Other data types do not have NaN
. Movici instead knows the concept of a special
value, a
value that lies outside the range of “normal” values. What constitutes a “normal” value depends
on the context of the attribute, and therefore these must be given for a specific
dataset+entity+attribute. Inside the general
section there may be a special
key. This
section contains keys in the format <entity_type>.<attribute>
that point to that attribute’s
special value:
{
"general": {
"special": {
"my_entities.foo": -9999
}
},
"my_dataset": {
"my_entities": {
"id": [1, 2],
"foo": [12, -9999]
}
}
}
It is up to the creator of the dataset to determine a reasonable special value. Special values are completely optional. If an attribute does not need a special value, it is not necessary to define one.
Enumerations#
A specialization of an int
attribute, is an int
attribute with an enumeration. Enumerations
are useful when you want an attribute to categorize an entity group with a limited number of
categories. While it is possible to create a str
attribute and provide the full category name
for every entity, this creates a lot of overhead. Instead, it is much more performant to associate
an integer with every category and map every category name to that integer, called an enumeration,
or enum for short. Enums have names and values. The enum name is part of the AttributeSpec
,
while the enum values (the categories themselves) are part of the dataset. The enum values are
then placed under the enum
key in the general
section. For an attribute with a spec
AttributeSpec("foo", data_type=int, enum_name="bar")
, a dataset may look like the following:
{
"general": {
"enum": {
"bar": ["some", "enumerated", "categories"]
}
},
"my_dataset": {
"my_entities": {
"id": [1, 2, 3, 4],
"foo": [2, 1, 2, 0]
}
}
}
The attribute values [2, 1, 2, 0]
now map to the bar
enumeration as
["categories", "enumerated", "categories", "some"]

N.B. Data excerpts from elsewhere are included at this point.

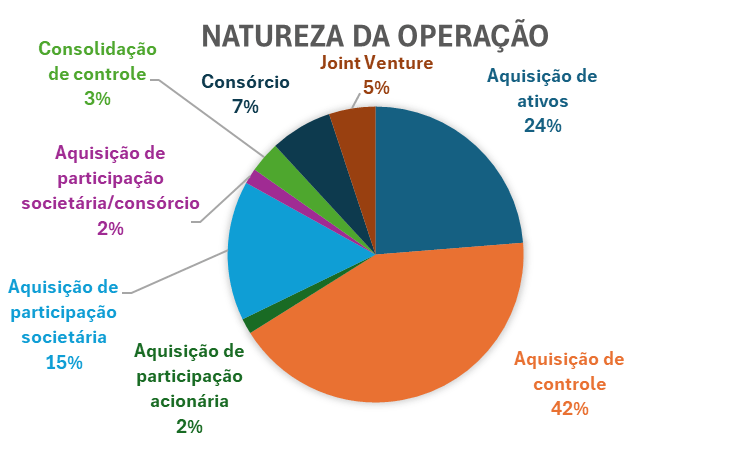No que se refere a natureza da operação, os resultados mostram que 42% das operações envolveram aquisição de controle e que 24% delas envolveu aquisição de ativos.
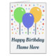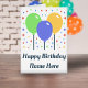 Customisable happy birthday greeting card with coloured balloons: you can customise front and inside card with name and text you want, or leave blank. This design can be used to celebrate a birthday, especially that of a child!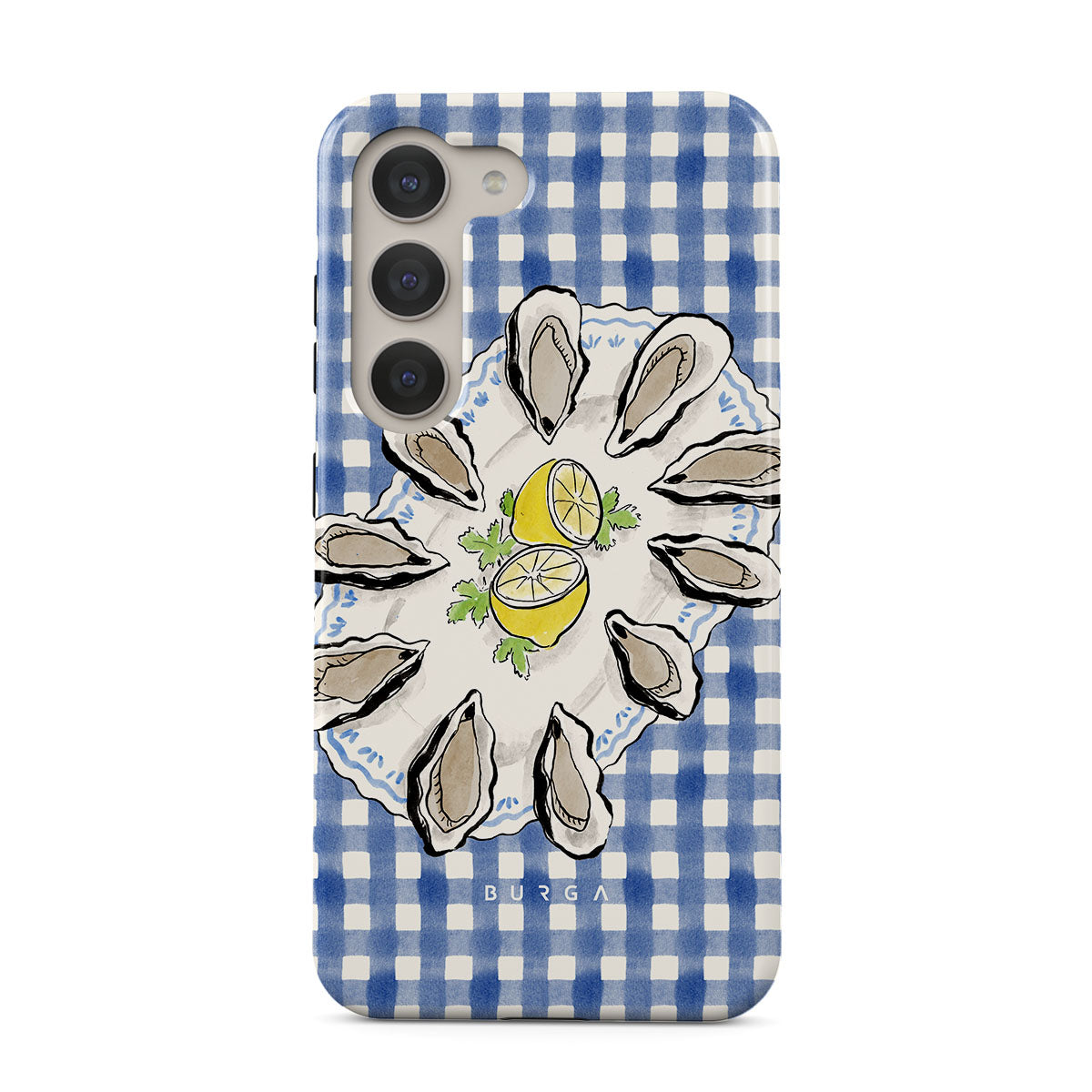 Dieses Design enthält: Austern, Zitrone, blaues Gingham-Muster, frische Küstenelemente, sanfte Pastelltöne.

but which a much reduced data footprint. See
also Working with Attributes on how to work with enumerations
Storing your Datasets#
When preparing datasets. It is important to note the following:
Init dataset files must be placed in a single directory for a simulation. Different simulation may use the same datasets. This directory is refered to as the
data_dir
.Since any changes to the world state are captured in updates, the dataset files themselves are not modified during a simulation.
Dataset files must be named after their dataset name, eg.
my_dataset.json
for a dataset calledmy_dataset
.In a simulation, datasets are always refered to by their name.